Bryan, as I read this collaboration from today, I felt glimmers of seeds planted long, long long ago in a book and record (that long ago) by Marlo Thomas (had to look it up)about empowering our young people to take on the task of carting our precious world into the future. WAY back in those crunchy, Birkenstock days, you and your collaborative writers would have been carrying the flag as you clearly are now. I have great hope for this group in the future.

brcrandall

My mother used to make me perform this book at nursing homes. I know it very well. It was planted deep into my childhood and way of knowing the world.

Luke Bensing

Such powerful, inspiring words with some spot on metaphors.

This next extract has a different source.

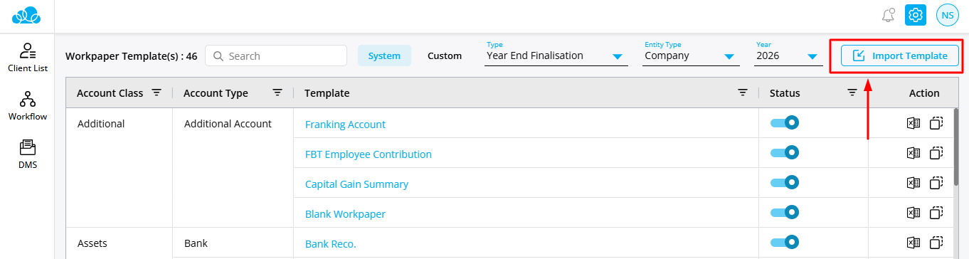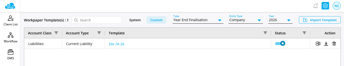 Step 5: Once the document has been successfully uploaded, the imported template will be listed under the Custom tab of the Workpaper Template.

I love the thought of a group of you all collaborating. Those are some lucky and hopefully grateful adolescents to have this experience. And I’m sure you are feeling lucky and grateful yourself to have conglomerated this together

Stacey Joy

Yessss, standing and snapping fingers for this one!!!! Your glow is flawless! 🔥🔥🔥

Do, Re, Me, Fa, So, La, Ti, Do.

our linguistic symphony,

undoing these idiotic shackles – 

Denise Krebs

Bryan, wow, a collaboration poem with adolescents. I loved this, and I loved the comment below explaining why you used the #BeFree motif. I loved this list and imagine you and the students piecing it together just so:

We are the fresh air, the mad-hatters, 

the ice-cream, a cantaloupe, 

the intergalactic youth chatter striving 

to live & to cope in this mad kaleidoscope 

of honey, Reese’s Peanut Butter cups, 

and Earl Gray tea. 

Do, Re, Me, Fa, So, La, Ti, Do.

our linguistic symphony,

barbedler

Wow, Bryan, what a resounding poem full of youthful energy! I would have loved to see the collaboration and this poem performed. Your last line is amazing! Bravo!

Darshna

What an awesome collaboration! So much energy and positivity. Spot on with the language and rhythm.

anita ferreri

Ashley, this is a great, fun topic that I certainly needed today. My mind was literally exploding with topics I feel very strongly about to the extent that my swim partner asked me if something was wrong earlier this morning as topics swam in my mind. I could have written about the widespread deceptions and blatant lies we are supposed to accept as normal. I could also write about the need to include not just phonics but also to embrace writing time in our elementary classrooms or my concern that fresh fruits and vegetables will soon be the privy of only the upper class. Perhaps it is because they are disturbing the peace even as it rains this afternoon, but I am writing about the incredibly annoying scourge of suburbia in America that has evaded quieter electric versions as well as my hope to return to yards with a more natural, whatever that might be, feel.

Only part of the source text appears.